Школьный друг Виктор Михалёв весьма расширил степень моего познания Онего. Являясь членом яхт–клуба,  иногда брал он меня с собой в прогулки под парусом. Так были впервые увидены Ялгуба, Суйсарь и Шардонские острова.
Но так далеко, как в этот раз, мне еще по воде забираться не приходилось.
Юрка упросил  своего отца взять меня в это путешествие. К родителю друга   приехал в гости московский его однополчанин,  и три июльских дня мы могли провести мужской компанией вместе. Когда тебе пятнадцать и ты зачитываешься Майн Ридом и Жюль Верном, то лучшего приключения и придумать нельзя.
Маршрут наш пролегал через  Онежское озеро, мимо маяка к  Климецкому острову и должен был завершиться на Вороньем острове, что между заонежскими деревнями:  Типиницы и Тамбицы.    
Погода была чудесная. Был полный штиль, озеро,  гладкое как зеркало, отражало солнце и легкие облачка, висевшие в небесной голубизне.
Оставив за кормой родной мне Петрозаводск, неспешно двигался по воде наш деревянный кораблик, мерно постукивая дизелем.

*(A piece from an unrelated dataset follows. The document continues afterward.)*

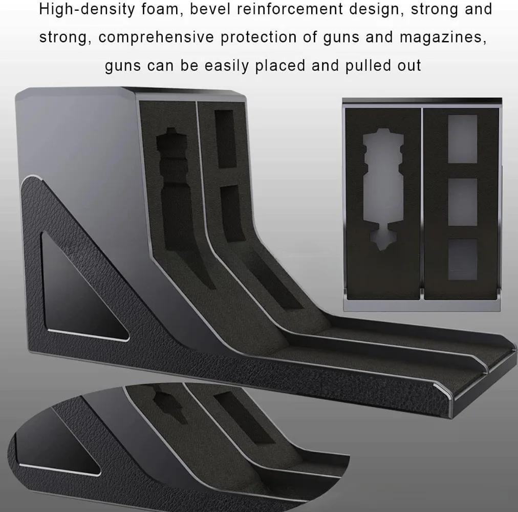 La funda protectora universal para pistola permite acomodar 2 pistolas diferentes y adaptarse a la mayoría de pistolas y revólveres.Accesorios organizadores de pistola de tamaño perfecto, organice cuidadosamente sus pistolas en el estante.

Моторные лодки были тогда явлением не частым, а о таком судне, на котором мы шли, можно было только мечтать.
Мы наслаждались величественным видом огромного простора озера,  синью неба,   отсутствием земных забот и суеты, которые всегда были на берегу.   То мне, то Юрке разрешалось постоять на руле нашего судна. Сопровождал нас десяток чаек. Размах крыльев у некоторых был невероятно большой, больше чем мои раскинутые руки это точно. Мы развлекались тем, что кидали им кусочки старого хлеба, оценивая, как ловко они их снимают клювом с поверхности воды, а то и в полёте. 

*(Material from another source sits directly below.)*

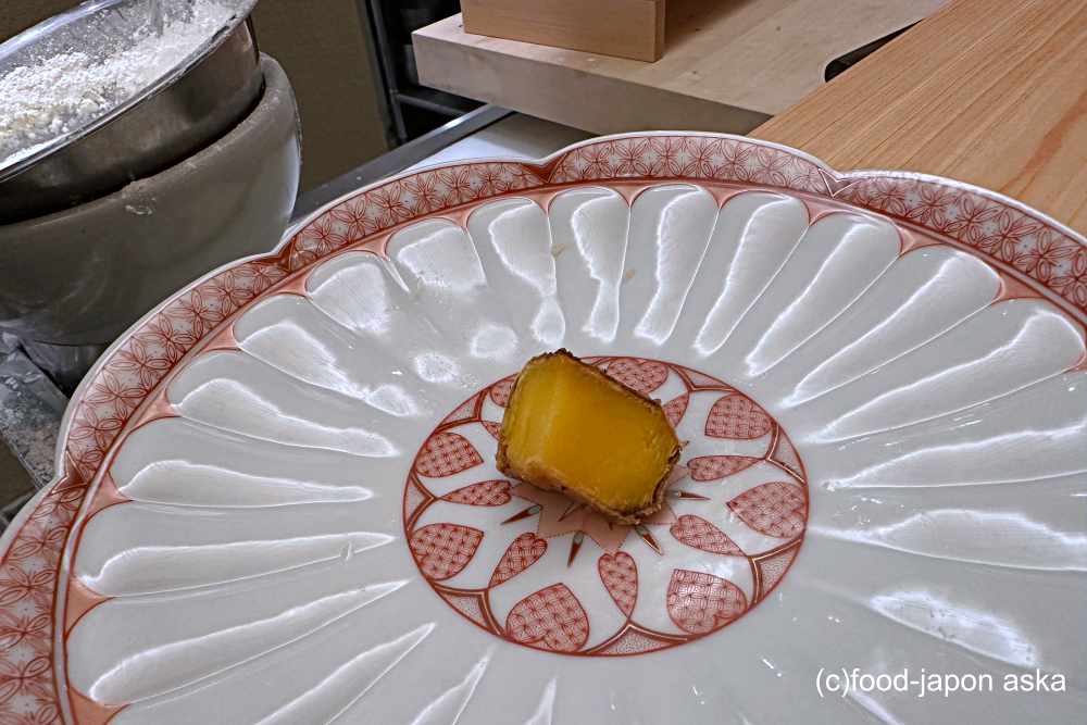 金沢の加賀れんこんカリスマ農家、川端さんの蓮根の2節目を使用(蓮根は節ごとに食味が異なるため)。皮は香ばしく滋味あり、中はホクホク。

Временами москвич, Иван Павлович, спрашивал у Юркиного отца: «Алексей, а там что за острова виднеются? А на горизонте, что там за полоска земли? Глубина под нами,  какая?

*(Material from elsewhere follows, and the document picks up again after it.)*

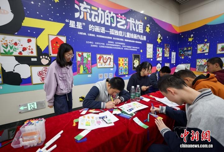 4月2日,孤独症儿童绘制书签。当日正值第19个“世界孤独症日”,北京地铁6号线朝阳门站内举办“流动的艺术馆——以画为媒,用爱点亮‘星’空”融合公益活动。现场展出来自北京市特殊教育资源中心的孤独症儿童的画作,并有多名孤独症儿童亲自来到现场手绘书签,体验地铁无障碍设施。

На все эти вопросы он  получал точный ответ. Юркин отец, работавший инженером на Петрозаводской РЭБ, не только отлично ориентировался на Онеге и знал много чего, он ещё оказался замечательным рассказчиком. В каждом его ответе была небольшая история или случай из жизни. 
               
    Миновали мы островок с большим маяком на нём, который рыбаки называли Камень Монак, похожий издали на всплывшую огромную подводную лодку и взяли курс  на Климецкий остров, так, чтобы обогнуть его с правой стороны.   
Проходя залив,  напротив деревни Конда, не могли мы не обратить внимание на величественные постройки, частично разрушенные временем и войной.  «Это Климецкий монастырь», – пояснил нам Алексей Иванович, – когда–то гремел на весь Российский Север, а теперь не действует. Восстанавливать – деньги нужны, да и борьбу с религией никто не отменял.  Только и остаётся, что представлять, каким же он раньше был.
   
  2. Олений остров
    Прошло уже больше четырёх часов, когда перед нами правее огромного Климецкого острова, начал вырастать, отделенный от него проливом, островок гораздо меньшего размера с лесистой     возвышенностью на нем. 
– Подходим к Оленьему. Юрка, на руль встань, держи точно на остров, я пойду, якорь отдам.
С заглушенным двигателем МРБ тихо скользил, замедляясь до скорости пешехода. Всплеск воды и мягкий толчок, остановивший его движение, возвестили, что якорь сброшен и за грунт зацепился.
–Займитесь делом. Юрка, Палычу мою удочку настрой. Черви в банке за трубой. Я их ведром от солнца закрыл. Ловите рыбу, а я обедом займусь. Будет готово, я к вам присоединюсь. А потом за стол.
– Есть, капитан! – шутливо отозвался ему сын, приложив руку к кепке.
Да он им и был фактически, капитаном судна.
Деревянные удочки из высушенной березы лежали связанными в пучок прямо на крыше надстройки над камбузом. Нынче такая снасть вызвала бы улыбку у рыболовов, своей неказистостью и весом. Однако дело она справляла. Черви были свежие и вскоре двухсотграммовые окушки начали клевать один за другим.
Через полчаса к нам присоединился и Алексей Иванович.  В руках у него была донка для зимней ловли.
– Удочка чем тебе плоха? – спросил его московский друг, который сиял от удовольствия, вылавливая зеленых, красноперых полосатиков.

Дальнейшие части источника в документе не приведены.